In Search of Zombie Servers
I have a friend who moves a lot. Not because he’s a house flipper or anything like that, but rather he has been so misfortunate in the matrimonial sweepstakes that he has determined that it would be cheaper for him to “just meet a strange woman every four and five years and buy her a house”. As a result of these frequent changes of address he has learned quite a bit about the moving process and is always willing to provide some pithy advice for others in the midst of packing and unpacking, and even recommending the movers from https://www.shiply.com/man-with-a-van/, which he says are the best. Perhaps his most penetrating insight into home migration is that “three moves equal one fire”. In other words, if you haven’t opened a box after loading and unloading it three times from the back of a rented U-Haul, whatever is in it isn’t of use to you anyway and should be discarded immediately. In a sense, I think this kind of describes the current phenomenon of the proliferation of idle servers in today’s data centers.
A recent study from Jonathan Koomey of Stanford and Jon Taylor, a partner with the Athenis Group found that up to 30% of all physical servers in data centers do nothing all day long and no one notices. Although the thought of a bunch of servers operating on a perpetual coffee break is disturbing at any level, the 30% figure offered by the Koomey/Taylor study only verified the same percentage identified in earlier 2008 and 2012 studies performed by McKinsey and Company and the Uptime Institute respectively—coincidence–I wonder. So obviously we have a problem here, and if you’re like me, you’re probably asking, “what’s wrong with servers these days?”
As in any crisis, the first question that needs to be answered is “who to blame?” Naturally, the arrow seems to point to everyone’s favorite whipping boys, the IT department. If these guys didn’t already exist, we’d have had to invent them. Anyway, the rationale seems to break down as follows: the IT group does not have responsibility for the electric bill and it does a bad job of tracking the ownership of servers once they are deployed. For the more legally minded of you, this roughly translates into “ignorance of the monthly power bill is no excuse”, and since “possession is 9/10’s of the law” the good folks that fix your email and gave you that new laptop have no one to blame but themselves.
To be fair, IT organizations do find themselves in a bit of a quandary since a lot of servers just kind of “show up”, to support some long forgotten trial for example. After a couple of years, no one remembers what they actually do. This pattern of benign neglect is then exacerbated by the fact that since no one is sure what a particular server does, the downside of turning it off to find out outweighs any potential corporate savings in the mind of the average data center technician. Let’s face it, no one is going to make you “employee of the year” for finding a zombie server that’s costing the company $100 a month, but you’ll quickly shed your corporate anonymity if your exercise in curiosity brings down the app supporting a few million in corporate revenue.
Apparently, servers that originally were installed for legitimate purposes are only part of this proliferation of servers without a purpose problem. Another big source of “server sprawl” is a phenomenon known as “Shadow IT”. These are the business units—and you know who you are—that go outside of regular channels to buy their own machines. There’s also those dreaded boxes acquired during mergers that are never inventoried or shut down. Based on these examples, it is obvious that this metastasis is best characterized as slow and insidious rather than a full-fledged frontal assault.
In researching how to combat this onslaught of servers on permanent PTO, the literature I found was less than compelling. While I didn’t expect to find any articles expounding on how DCIM is the zombie server “silver bullet”, I was hoping for a little more than what I found. The primary advice offered across the board was that IT should start getting the power bill (good luck with that one) and that they do a better job of tracking server inventory—if they had already been doing that would anyone be talking about this?
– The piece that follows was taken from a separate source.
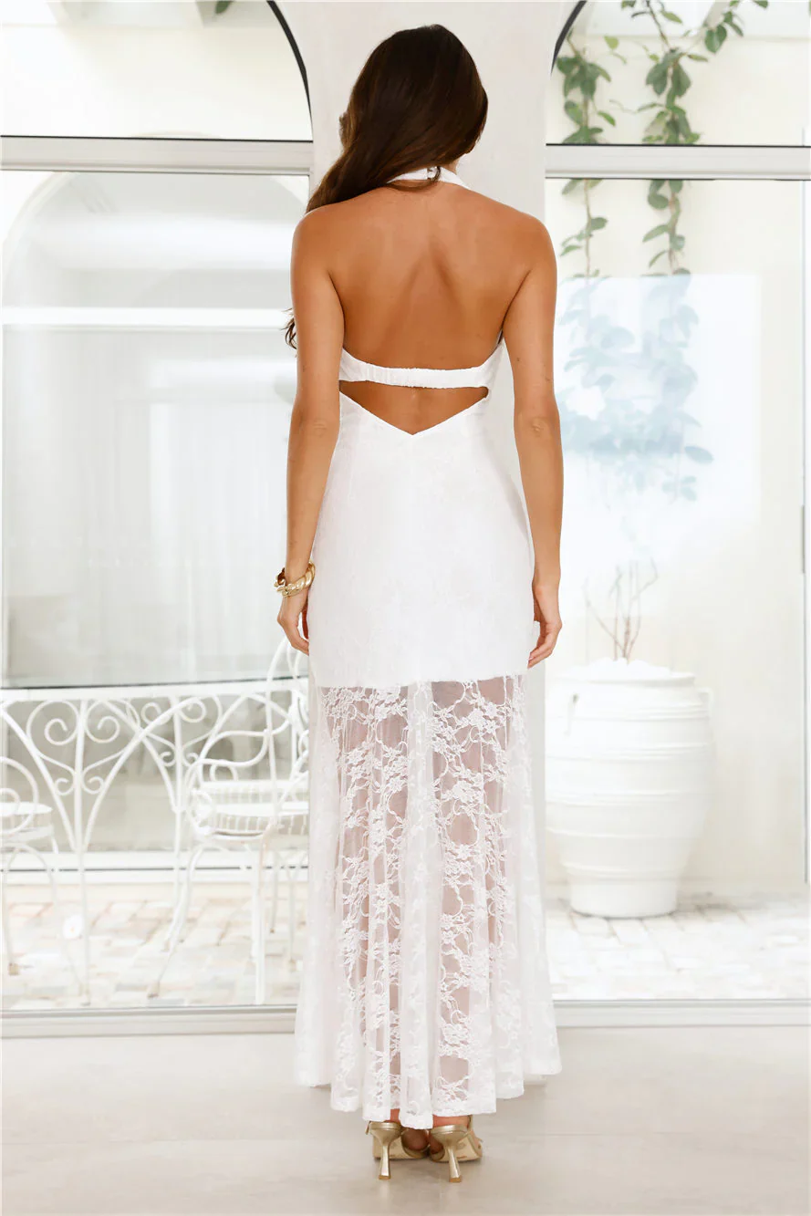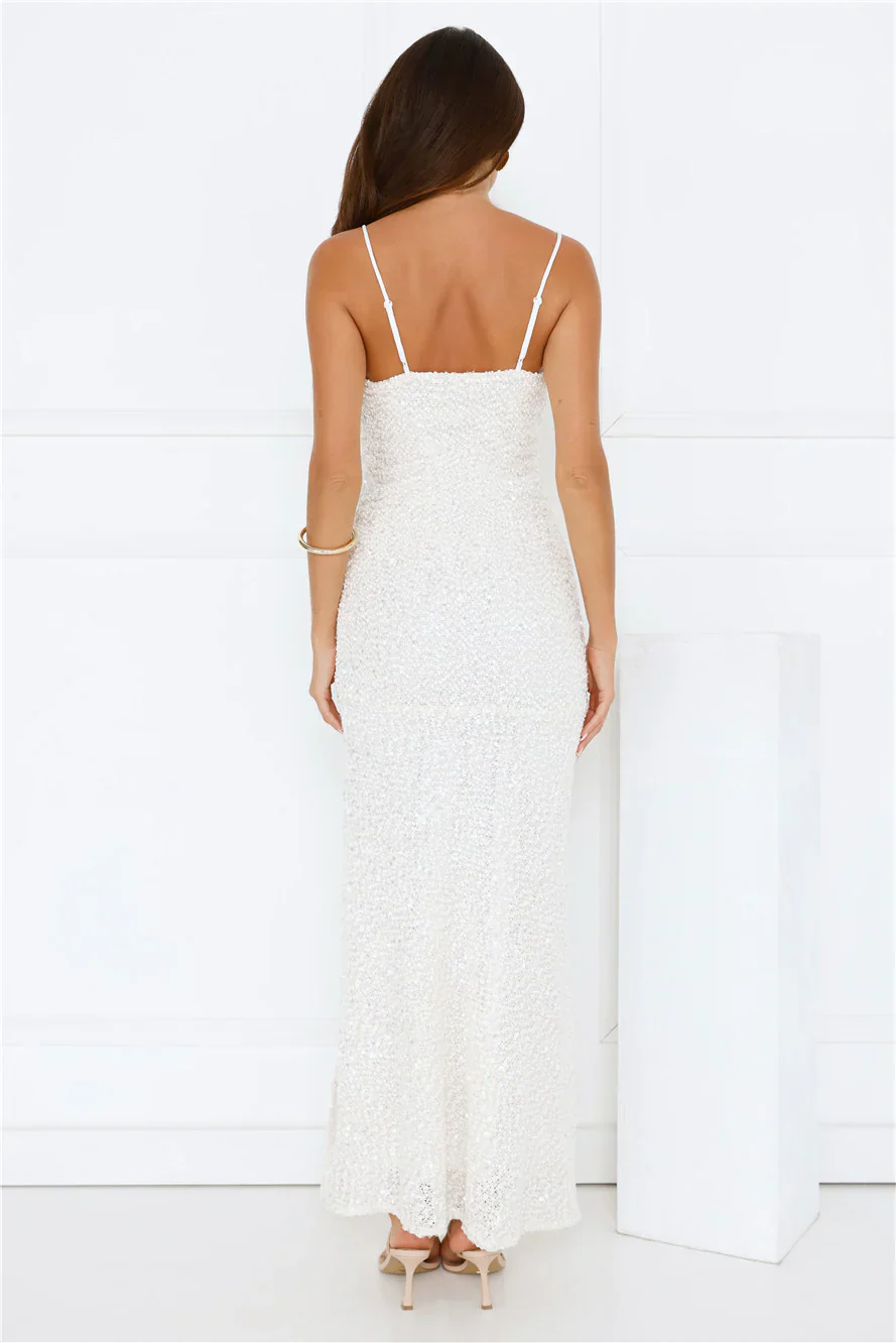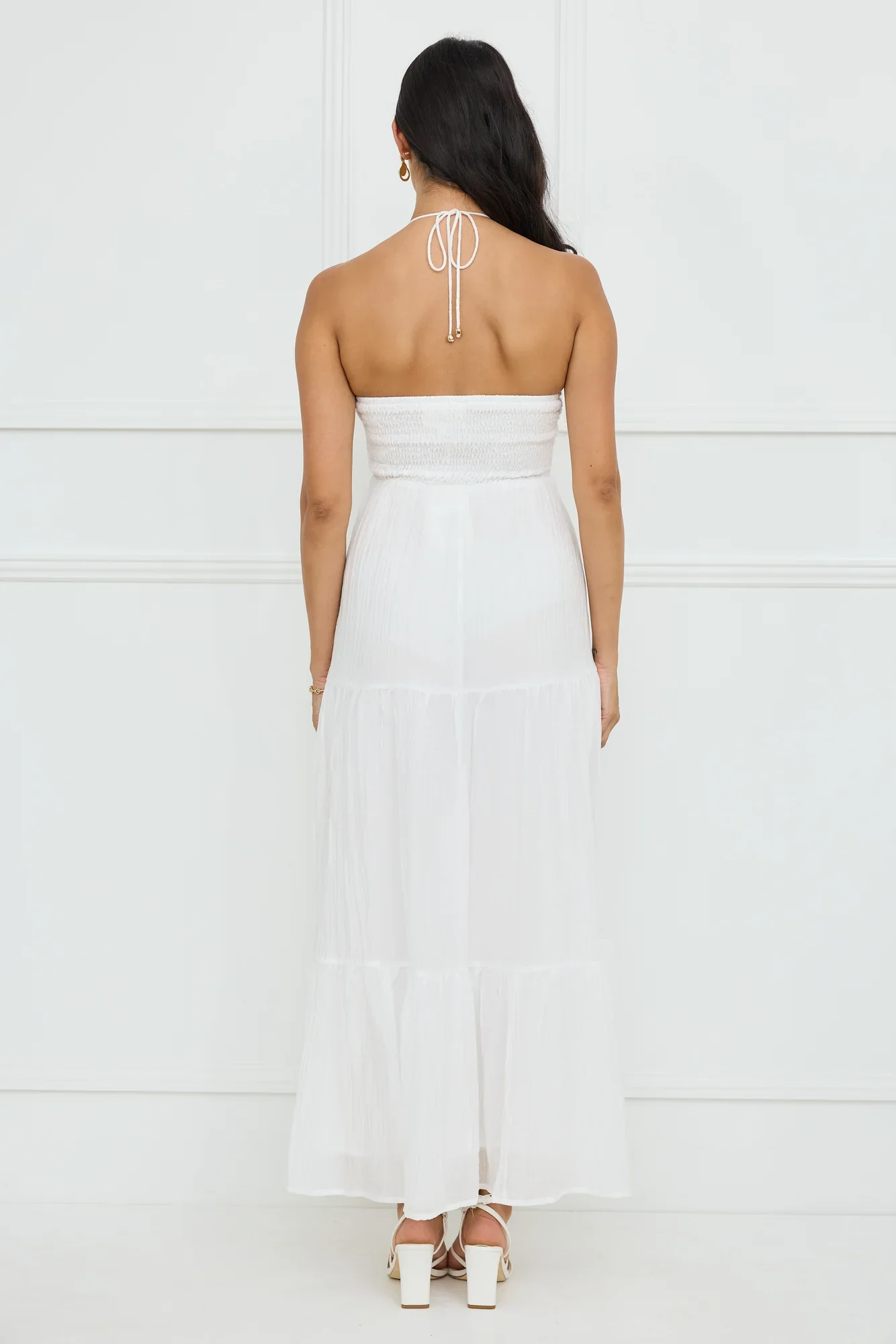 Sailing Into Sunset Knit Long Sleeve Maxi Dress White

I also found the usual platitudes about server tracking needing to become a management priority and although this makes sense, until some CIO starts asking for a monthly count of active and idle servers in the data center I don’t think this one is going to show up as anyone’s annual review criteria in the near future. And really, if anyone ever did ask, if the answer was: “we have everything in the Cloud” would anyone ask for verification?
It’s amazing to me that a lot of this work still falls on deaf ears – while industry leaders have long since addressed the issue – one has to remember that the top ten percenters are just a dent in the total IT pie. There’s still a lot of SONET out there for goodness sake! So what is one to do in this battle over which servers are pulling their weight, and which are not, in the data center? At the current time there appears to be no one right answer, and it’s every data center operator for himself. How you decide to deal with this problem is up to you. If it helps, I think my friend’s matrimonially challenged advice provides you with two potential options.